Published Wednesday, 11 September 2013
Omar Qaradha is set to be arraigned next month. (© Pacemaker)
District Judge Mervyn Bates told 32-year-old wheelchair-bound Omar Sami Qaradha he had a prima-facie case to answer, in light of the evidence given and what he had read, and in the absence of any contrary defence submissions.
Qaradha will be formally arraigned before Antrim Crown Court next month with the three charges of sexual touching he faces.
He is accused of touching a therapist whilst being massaged and of assaulting two teenage girls.
The offences allegedly arise from when he and his team mates were using the Antrim Forum sports complex as a training base along with several other international teams.
At the time, two other Jordanians, Faisal Hamash and Motaz Al-Juneidi were arrested and charged along with him on 21 August last year, just a week before the start of the London Games.
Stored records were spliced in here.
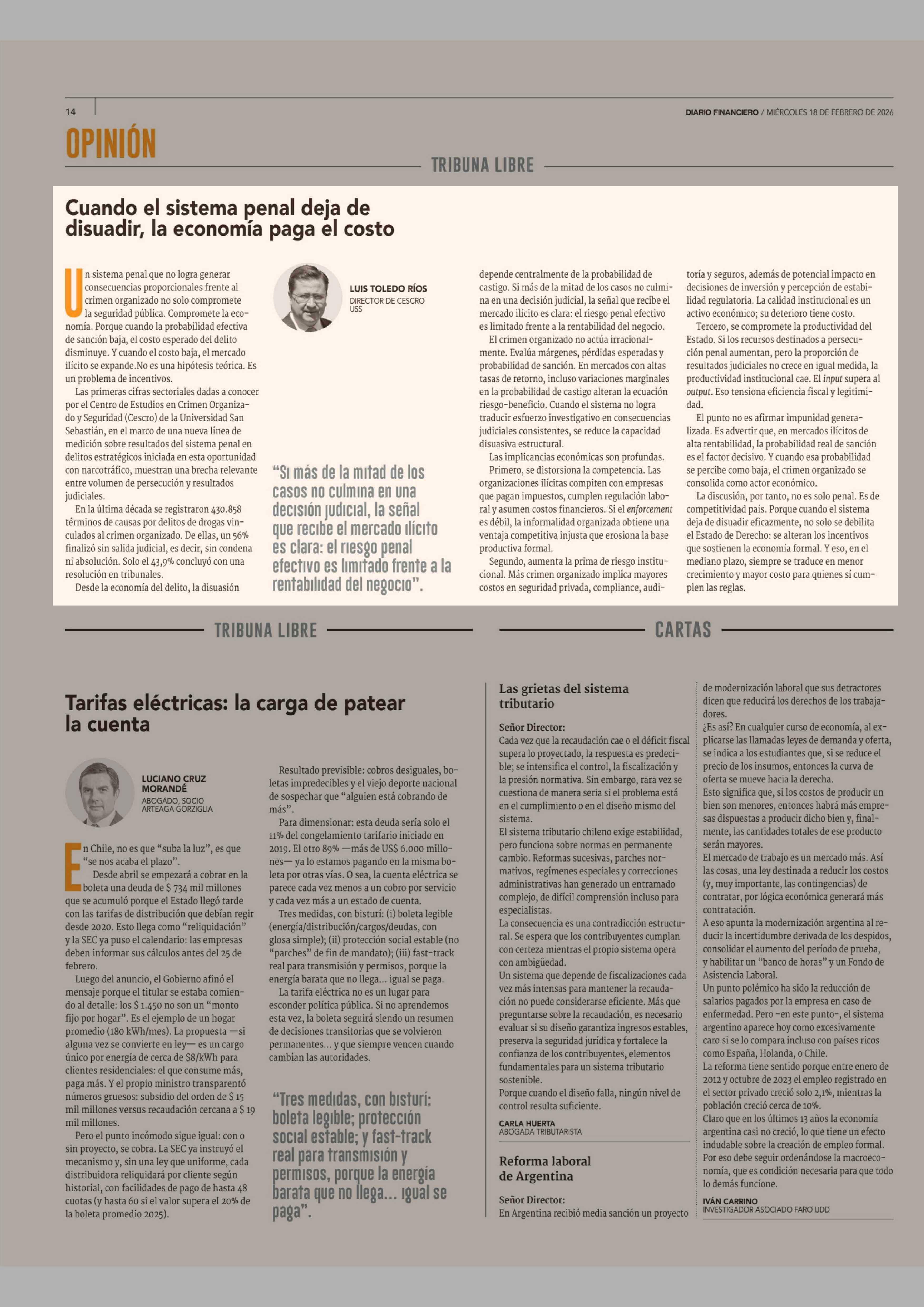 Columnas de Opinión: Cuando el sistema penal deja de disuadir, la economía paga el costo 18-02-2026 Diario Financiero |
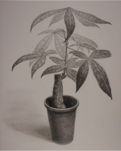 「パキラ」 鉛筆画 by rieko (2011年10月)
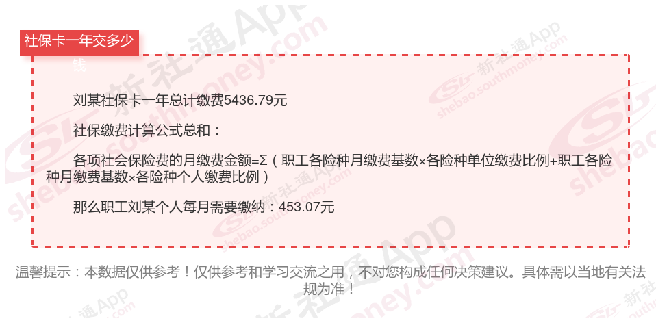 由上图得知,刘某社保卡一年需要缴纳5436.79元,职工个人月缴纳453.07元,若您想要了解明细点击新社通社保计算器,来了解一下明细吧。
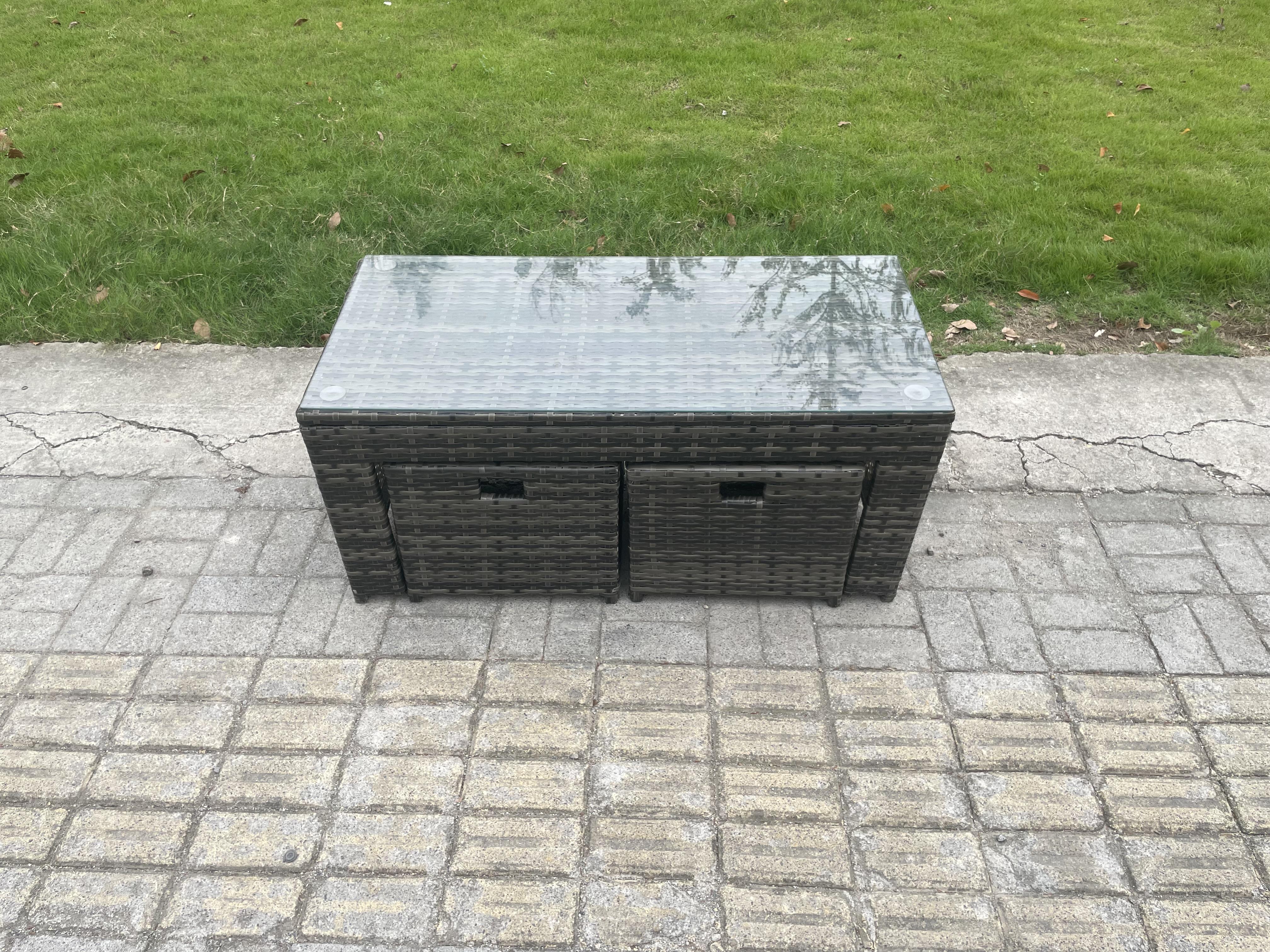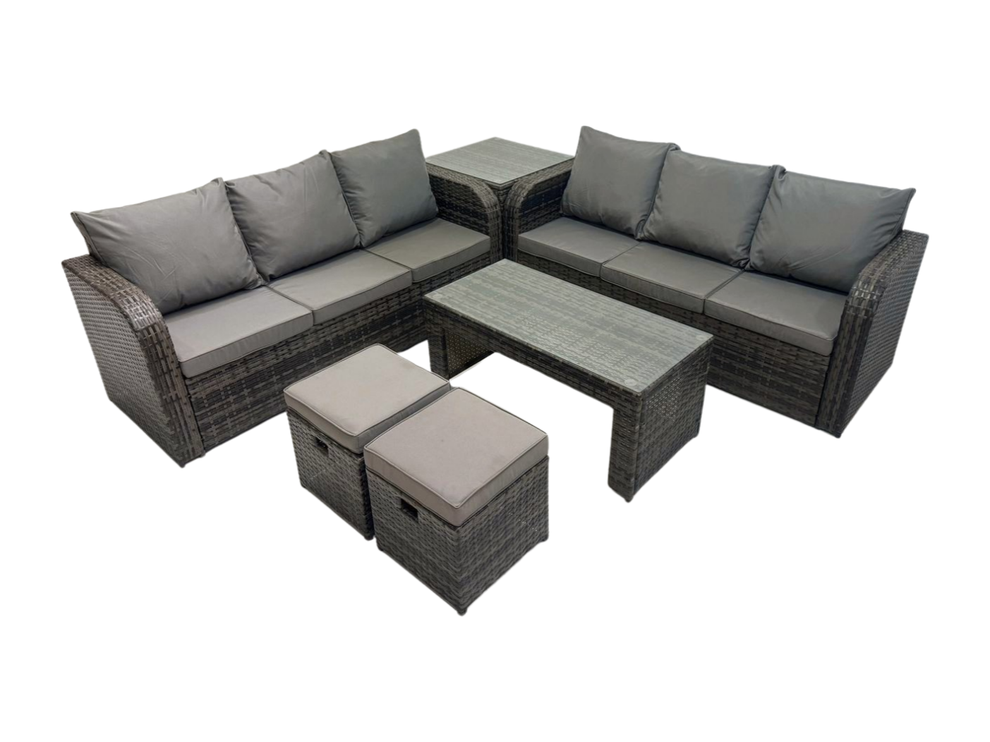 Salon de jardin avec Table basse rectangulaire 2 Petits tabourets Canapé 3 places Table d'appoint Gris foncé mixte

Although the charges were later withdrawn against 36-year-old trainer Hamash and 46-year-old Al-Juneidi, the bronze winning wheelchair powerlifter of the Beijing Games, all three were not allowed to compete at London.
The Jordanian Paralympic Committee had said in a written statement that it decided to pull the three out of the Paralympics because it "would be inappropriate for the accused athletes to compete" in the Games.
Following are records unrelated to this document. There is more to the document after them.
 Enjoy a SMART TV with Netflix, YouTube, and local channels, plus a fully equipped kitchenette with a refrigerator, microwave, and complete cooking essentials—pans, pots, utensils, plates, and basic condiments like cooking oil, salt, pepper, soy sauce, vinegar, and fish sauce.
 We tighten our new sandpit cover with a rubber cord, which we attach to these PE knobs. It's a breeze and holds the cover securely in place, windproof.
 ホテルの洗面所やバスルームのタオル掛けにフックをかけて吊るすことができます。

Although on Wednesday Qaradha declined to give any evidence, or to call any evidence or witnesses on his behalf, his defence solicitor Tony Cahir, in applying for two counsel, said there "will be considerable evidence advanced" at the powerlifter's trial.
King Abdullah of Jordan still has a personal interest in the case, and on Wednesday, the court heard that an official from the Jordanian Embassy in London was present with a letter of authorisation to secure Qaradha's bail of £5,500 with the promise of his return to stand trial.
Earlier in a deposition from one of his alleged victims, a therapist said she was giving the athlete a massage at the Antrim Forum on 20 August, when he put his arm on her right breast.
The "shocked and disgusted" therapist said she left the room, excusing herself by pretending she was going to get him a glass of water.
However, instead she went and reported the matter to senior management.
Later a mother of a teenage girl told the court that her daughter confided in her that on 16 August , while being photographed with members of the Jordanian team, one of them touched her between the legs.
A few days later, her daughter allegedly identified Qaradha as her attack from a photograph in the local newspaper, the Antrim Guardian.
A policewoman also told the court that she was on duty in Antrim Station two days later when another teenage girl and her mother reported another 'incident .... in the vicinity of the Antrim Forum'.
The girl, who appeared to be quite nervous and distressed, also gave a description of her alleged assailant.